One thing has crossed my mind. We frequently get asked to fund opportunities for various things, whether it be at this committee or with other motions and items that are put forward for parliamentarians. We often don't have the evidence to make this a non-debatable issue.

Has there been some thought—particularly if you're in the Ottawa area where AEDs are used in abundance—of working with the Ottawa general hospital, with CHEO, and with individuals who would be able to provide some evidence base for the critical time frame for being able to use AEDs and the impact they're having on the society here in Ottawa? Is there something to provide individuals like us who are making these decisions evidence so this becomes, for lack of a better term, a no-brainer decision, so that the evidence speaks for itself?

You can say there isn't. It's okay.

4:20 p.m.

Council Commissioner, Federal District, St. John Ambulance Canada

Andrew Stanzel

We don't have those numbers in front of us. The person who would have the numbers would probably be in the Ottawa Paramedic Service. Everyone who is resuscitated in the community—again, you're only seeing people that it's successful on—are brought to the heart institute, to the CCU there, and that's where they have their after cardiac arrest care.

Again, you're only going to see the segment of the population who survived. They may be able to provide some information around whether AEDs were used and the time frame. We don't have those numbers.

4:20 p.m.

Conservative

Kellie Leitch Conservative Simcoe—Grey, ON

Thank you very much for your time today.

4:25 p.m.

Liberal

The Chair Liberal John McKay

Thank you, Ms. Leitch.

Speaking for the final five minutes before we suspend, Ms. Dabrusin.

October 2nd, 2018 / 4:25 p.m.

Liberal

Julie Dabrusin Liberal Toronto—Danforth, ON

Thank you.

It has been really interesting to have this conversation. What I'm picking up is that there are really two issues as to how we do this appropriately. One is location and the other is education.

The original motion that started the study was about putting the defibrillators in RCMP vehicles. When I started looking at it....

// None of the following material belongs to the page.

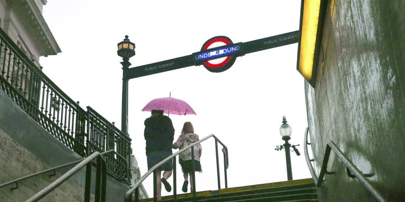 لقطة لمدخل محطة مترو بيكاديلي سيركس وسط العاصمة لندن وسط هطول أمطار غزيرة (غيتي)

I actually spoke about this in the House. In a city like Toronto, that's not going to be the location to help people. In fact, U of T engineers did a study and thought it was coffee shops, ATMs and parking locations, because everyone knows where they are. If you know that certain coffee shops all have them, you would know where to run to. That was their study. It hits me that when we're looking at RCMP vehicles, we're really looking at more rural locations. We've talked about gyms and meeting spots, but it hits me that we're talking about RCMP vehicles. We're talking about all the spaces in between.

Do you think that having them in vehicles that are travelling in between those gathering locations.... How does that help? I feel like this is really a focus on a rural issue more than a city's.

4:25 p.m.

President, Urgence Bois-Francs Inc.

Philip Girouard

In my area, the Sûreté du Québec is informed only when there is a cardiac arrest. In urban areas such as Victoriaville, police are called more frequently to areas outside the city. That is where we need more help and more AEDs.

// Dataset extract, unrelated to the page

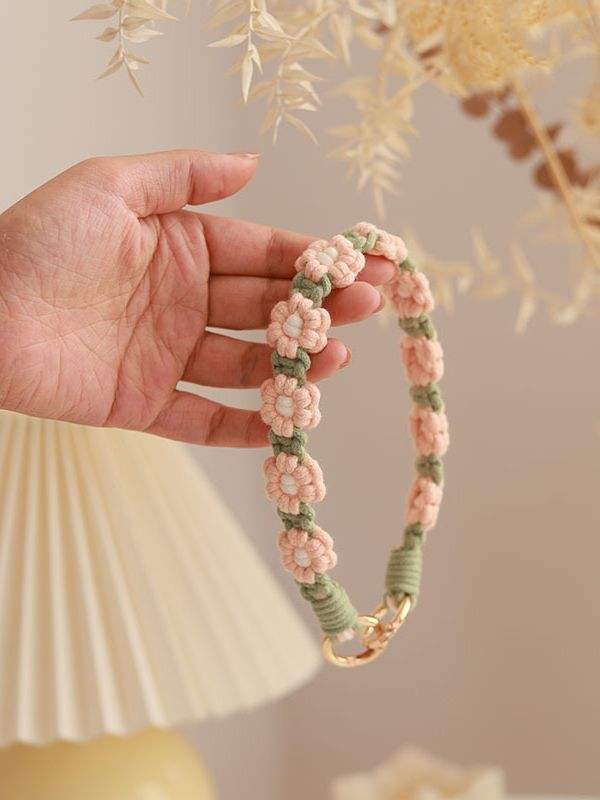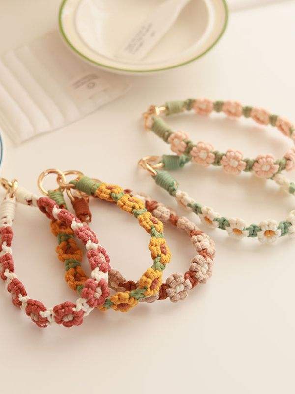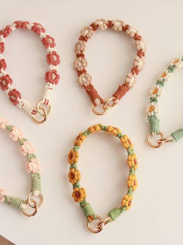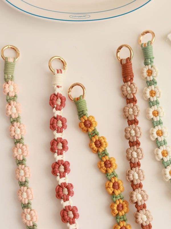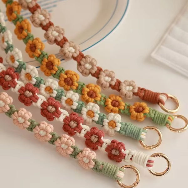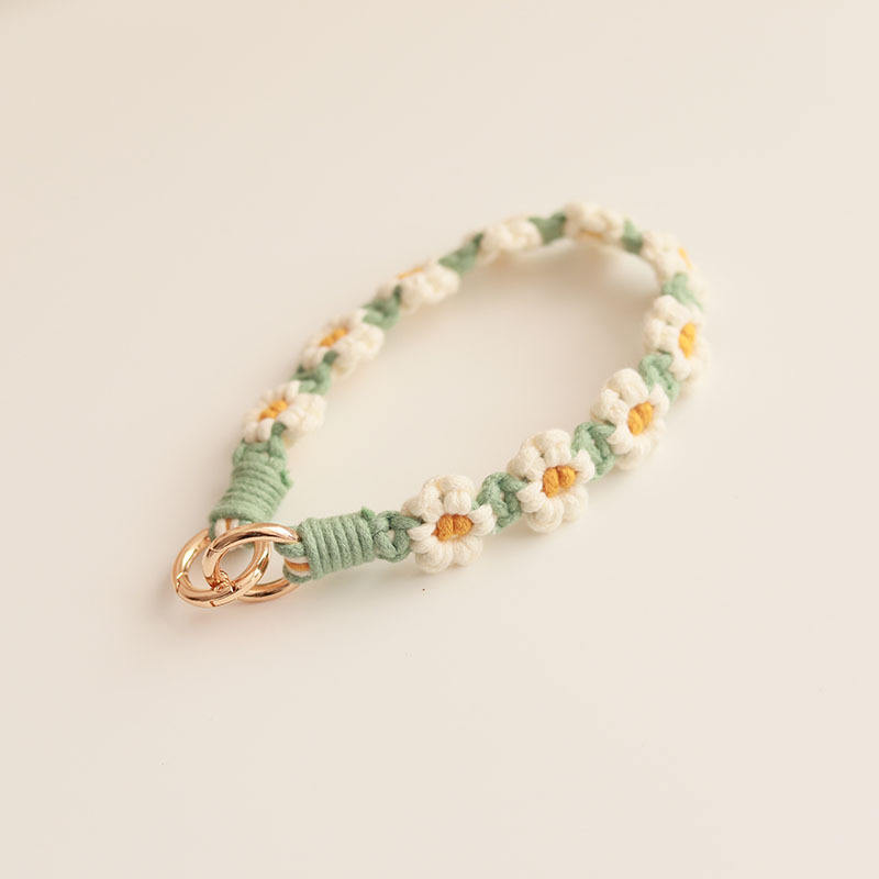 Cinturino da Polso Intrecciato a Mano Puro Bonie Brand 30cm con Design a Fiori Margherita, Catena per Cellulare, Portachiavi a Doppia Testa, Cordino

Within municipalities, the Sûreté du Québec does not respond because there are first responders such as firefighters and paramedics available. We would not gain any time by calling in a third resource. The need to act quickly really affects outlying areas.

4:25 p.m.

Liberal

Julie Dabrusin Liberal Toronto—Danforth, ON

I am trying to establish how we can install AEDs in appropriate places, how we can find good places to install them. We talked about sports facilities and community centres. However, there is also the issue of whether the best place for these devices would be in vehicles. Is that the case in your experience? It is different in cities.